Mason B. Tomson, Ph.D., P.E. Professor, Civil and Environmental Engineering Director, Brine Chemistry Consortium Co-Director, China-US Center for Environmental Remediation and Sustainable Development Rice University

Dr. Mason B. Tomson is a Professor of Civil and Environmental Engineering at Rice University. While at Rice, he has directed research grants totaling over fifteen million dollars. His research team was one of the first (circa 1978) to prove that ground water could be readily contaminated by organic chemicals from the surface; they then developed and demonstrated the concepts of facilitated (enhanced) transport and more recently of irreversible (resistant) desorption of chemicals from soils and sediments.  These concepts have since been applied to fullerene and activated carbon nanoparticles.  Professor Tomson directs four research projects, two from NSF on nanotechnology, one from EPA on heavy metals in sediments, and a Brine Chemistry Consortium of eighteen oil and gas production and service companies.  Professor Tomson also leads an effort to establish a joint program between Rice University and Nankai University in Tianjin, China, on sustainable environmental development. 

Dr.
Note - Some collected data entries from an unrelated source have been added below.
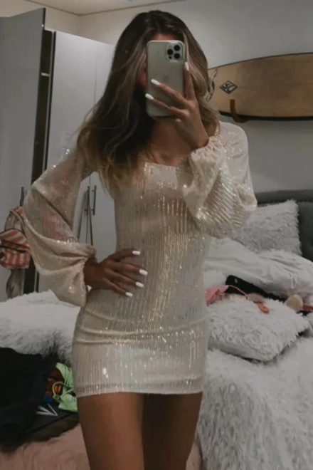 Puff Long Sleeve Mini Party Dress Sequin Homecoming Dress
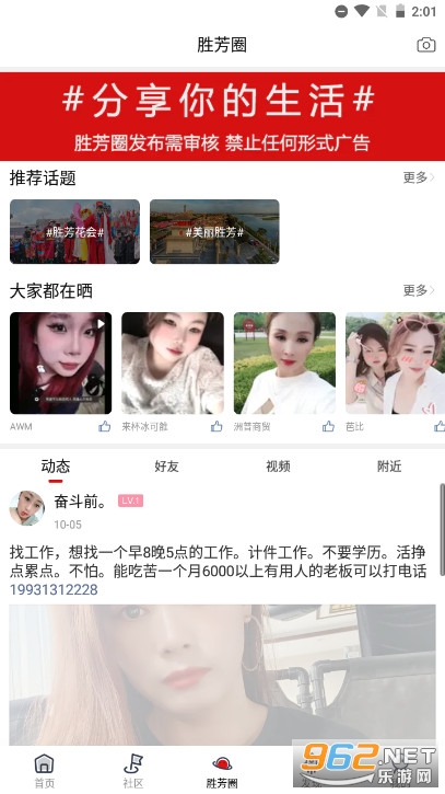 3、并你不仅可以在这里看到本地他人分享的生活动态,还能自由发表分享自己的生活
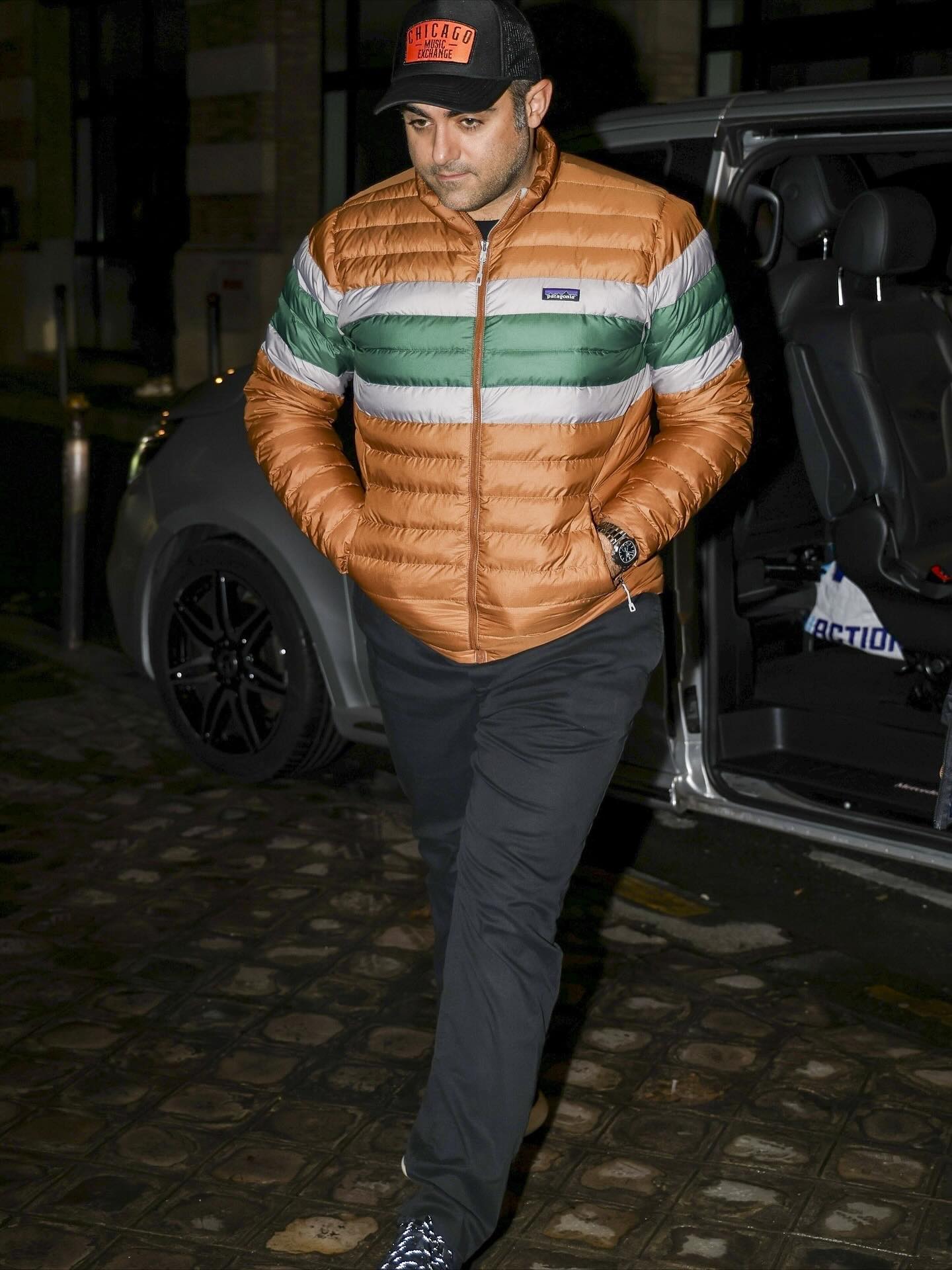 أما خطيبها Michael، فقد ظهر بإطلالة كاجوال مرتديًا جاكيت مبطن وبنطلون جينز وقبعة بيسبول، ما منح المشهد توازنًا طبيعيًا بين أناقة Gaga وبساطته.

Tomson has authored or coauthored over 200 articles in high impact journals, including Science, Journal of the American Chemical Society, Environmental Science and Technology, and Oil and Gas Journal; he holds four patents and has authored two books.  He also serves on the editorial boards of J. Envi. Sci. and Health, SPE Production and Facilities J., on the Science Advisory Committee of EPA’s IPEC at U. of Tulsa, and on the Steering Committee of the SPE Oilfield Scale Annual Conference in Scotland. 

Presentation Description
Transport of carbon and metal-oxide nanoparticles in soil and soil components
Nanoparticle transport in soils is of concern for the fate of the nanoparticles and for what they might co-transport as sorbed contaminants.  Numerous efforts have focused on describing the movement of these particles in monodisperse porous media, such as grass beads or sand, but little progress has been made in transferring those observations to heterogeneous soils, let alone, what happens to sorbed contaminants in these natural porous media.  We started with a well-defined soil and systematically added and removed fractions to identify the key materials and structures that account for nano-particle transport in batch and soil columns in the presence and absence of typical surface active materials.  A range of solution compositions common to natural waters have been examined.  Focus has been on nano-C60, magnetite, and anatase.  Then, by pre-equilibrating these nanoparticles with contaminants we have demonstrated facilitated transport of nanoparticles and resistant desorption of co-transported adsorbents.  Sorption isotherms and particle interaction theory have been combined with standard transport models to present, for the first time, a realistic view of nanoparticle transport in a natural soil.